Critics question NTIS closure

Various government and industry experts fear the Commerce Department's plan to close an agency that collects and sells federal information to the public could make it more difficult for the public to find government documents.

Various government and industry experts fear the Commerce Department's plan to close an agency that collects and sells federal information to the public could make it more difficult for the public to find government documents.
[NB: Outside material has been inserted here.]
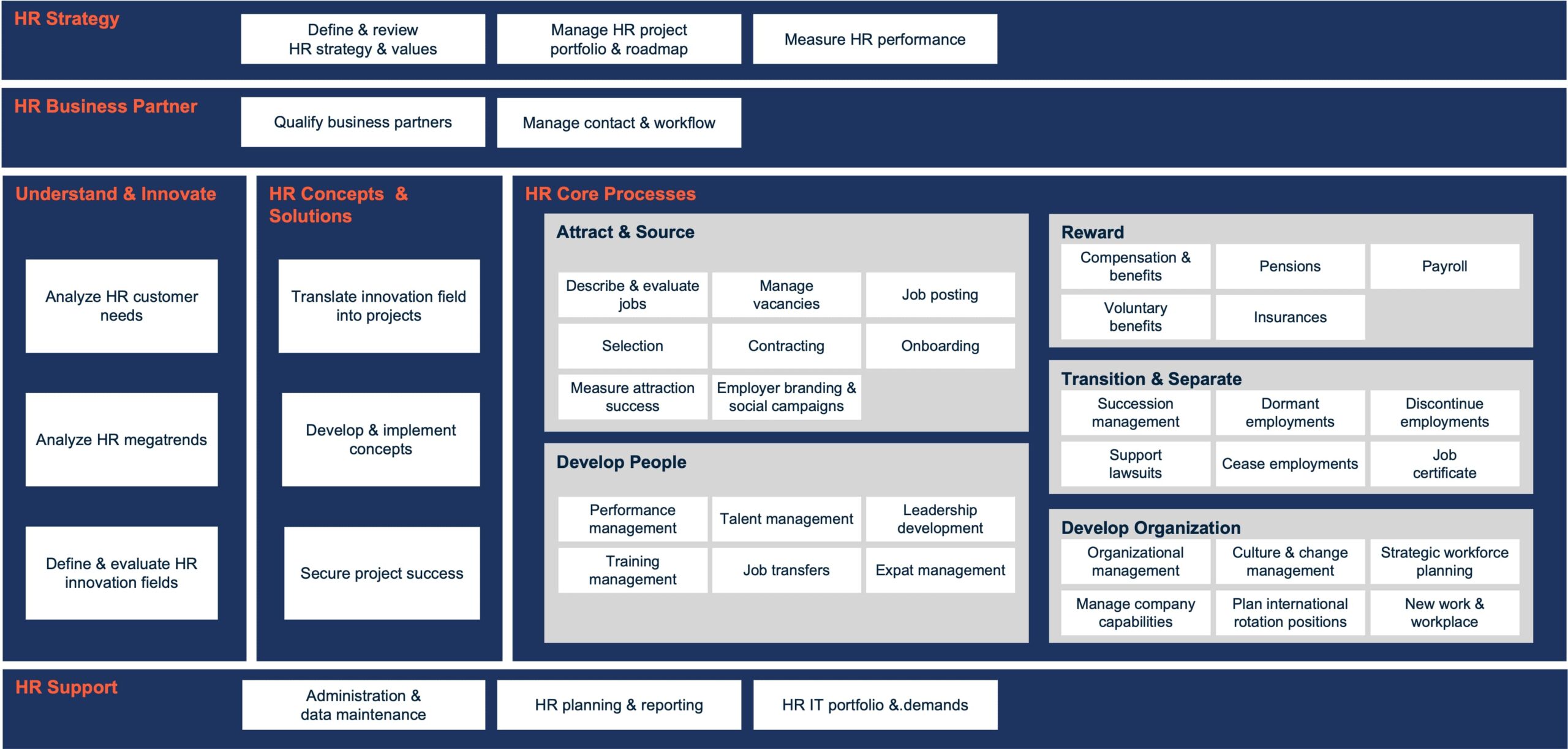 Unser HR Prozessreferenzmodell bildet den Rahmen für die Festlegung von Prioritäten und liefert zugleich Best Practices für detaillierte Prozessbeschreibungen.

The Commerce Department decided last month that it would close the National Technical Information Service because its core function of selling government information is no longer needed because many agencies offer the same documents to the public for free on federal World Wide Web sites.

NTIS collects, archives and sells scientific, technical, engineering and related business information produced by or for the government. NTIS is required by law to cover all its expenses through the sale of the information. But in the past two years, NTIS has lost millions of dollars, using nearly all of its earnings to stay afloat, said Robert Mallett, deputy secretary of Commerce, at a hearing held by the House Science Committee's Technology Subcommittee. Because Congress does not plan to give NTIS the requested $2 million in funding for fiscal 2000, Commerce had no choice but to close the agency, he said.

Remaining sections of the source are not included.